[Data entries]
* * * * * * * * *

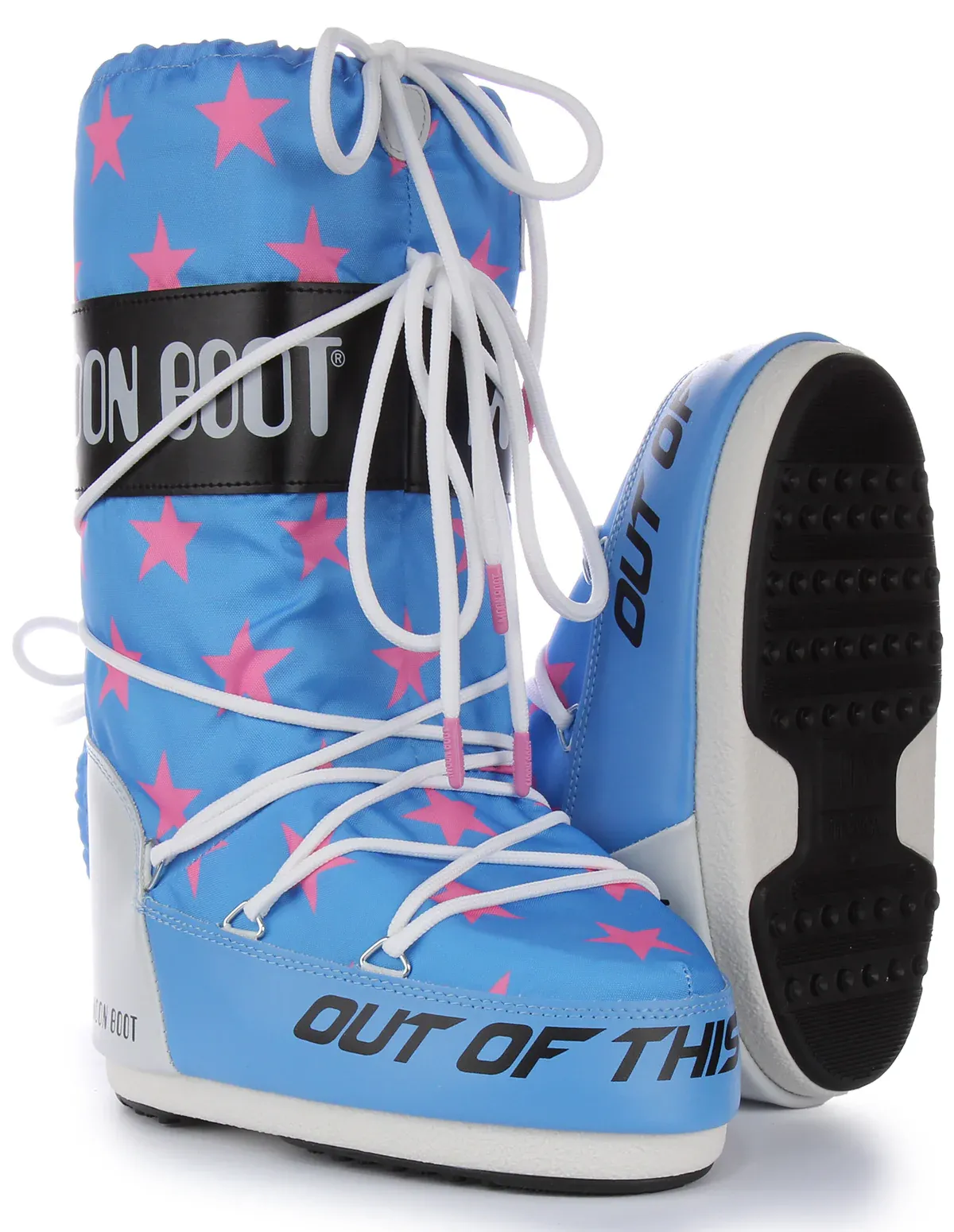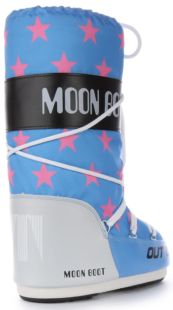 The Moon Boot Pink Stars Print Snow Boots for women redefine winter fashion with their enchanting Pink Stars Print and Mid Calf length. Crafted from highquality fabric, these boots offer the benefits of style and winter warmth. The playful star print adds a whimsical touch to snowy days.
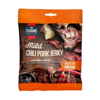 Kyllä, Flodins mild chili pork jerky 40g sisältää 45,0g proteiinia per 100g, mikä tekee siitä hyvän proteiinin lähteen.
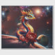 Royal star serpent of the universe. A colourful digital artwork: a vibrant serpent with a golden crown, iridescent scales in red, blue, yellow, and white, adorned with red peonies. The serpent wears a magnificent golden crown, emphasizing its royal presence and power. Its scales are artfully designed into a mosaic of vibrant colours. In the background, a cosmic universe of planets, stars, and nebula clouds – a fascinating mix of nature and space!
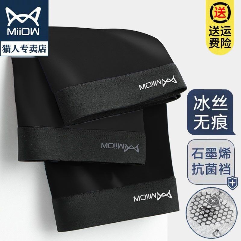 猫人纯棉男士内裤男冰丝中腰平角裤大码夏季透气薄款运动四角裤头
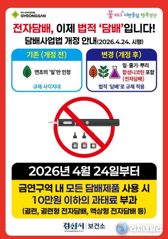 리치데일리 김상현 기자 | 경산시는 4월 24일부터 5월 15일까지 3주간 경산시보건소, 일자리경제과, (사)한국외식업중앙회 경산시지부와 함께 담배사업법 개정에 따른 법령 준수 정착을 위해 금연 구역 내 흡연 행위에 대한 집중 지도와 점검을 실시한다.
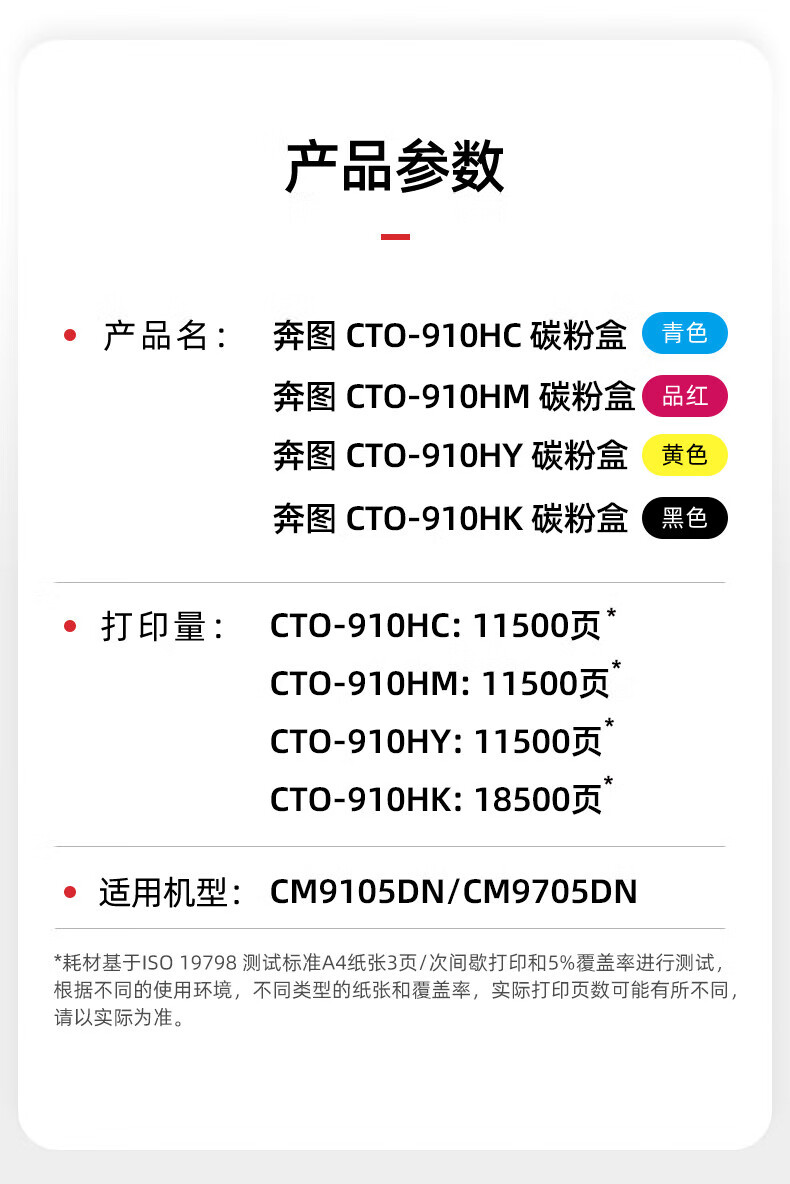 • 商品名称:奔图(PANTUM)CTO-910HKCMY原装黑红黄青四色碳粉墨粉盒套装(适用CM9105DN/CM9705DN打印机)黑色18500页/彩色11500页 耗材/套
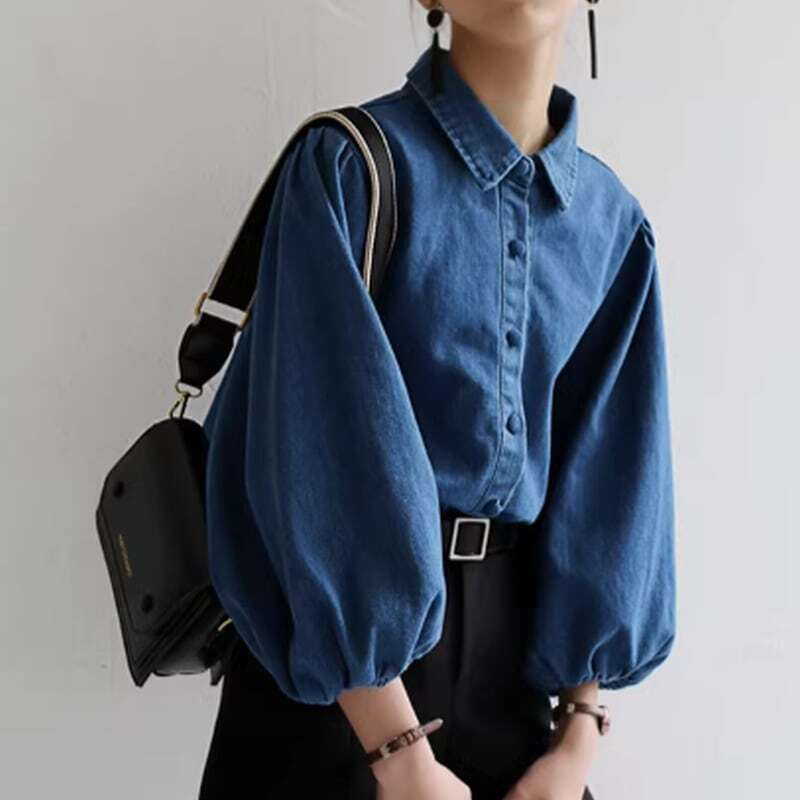 ▶くるみボタンボリュームスリーブデニムシャツ 201624
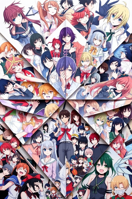 Запрос: An intricate origami style collage of popular anime, viewed from an overhead bird’s eye perspective, featuring a folded paper look and geometric precision.

* * * * * * * * *

Restate every line of the data above word for word, with the images removed.

Written answer:
 The Moon Boot Pink Stars Print Snow Boots for women redefine winter fashion with their enchanting Pink Stars Print and Mid Calf length. Crafted from highquality fabric, these boots offer the benefits of style and winter warmth. The playful star print adds a whimsical touch to snowy days.
 Kyllä, Flodins mild chili pork jerky 40g sisältää 45,0g proteiinia per 100g, mikä tekee siitä hyvän proteiinin lähteen.
 Royal star serpent of the universe. A colourful digital artwork: a vibrant serpent with a golden crown, iridescent scales in red, blue, yellow, and white, adorned with red peonies. The serpent wears a magnificent golden crown, emphasizing its royal presence and power. Its scales are artfully designed into a mosaic of vibrant colours. In the background, a cosmic universe of planets, stars, and nebula clouds – a fascinating mix of nature and space!
 猫人纯棉男士内裤男冰丝中腰平角裤大码夏季透气薄款运动四角裤头
 리치데일리 김상현 기자 | 경산시는 4월 24일부터 5월 15일까지 3주간 경산시보건소, 일자리경제과, (사)한국외식업중앙회 경산시지부와 함께 담배사업법 개정에 따른 법령 준수 정착을 위해 금연 구역 내 흡연 행위에 대한 집중 지도와 점검을 실시한다.
 • 商品名称:奔图(PANTUM)CTO-910HKCMY原装黑红黄青四色碳粉墨粉盒套装(适用CM9105DN/CM9705DN打印机)黑色18500页/彩色11500页 耗材/套
 ▶くるみボタンボリュームスリーブデニムシャツ 201624
 Запрос: An intricate origami style collage of popular anime, viewed from an overhead bird’s eye perspective, featuring a folded paper look and geometric precision.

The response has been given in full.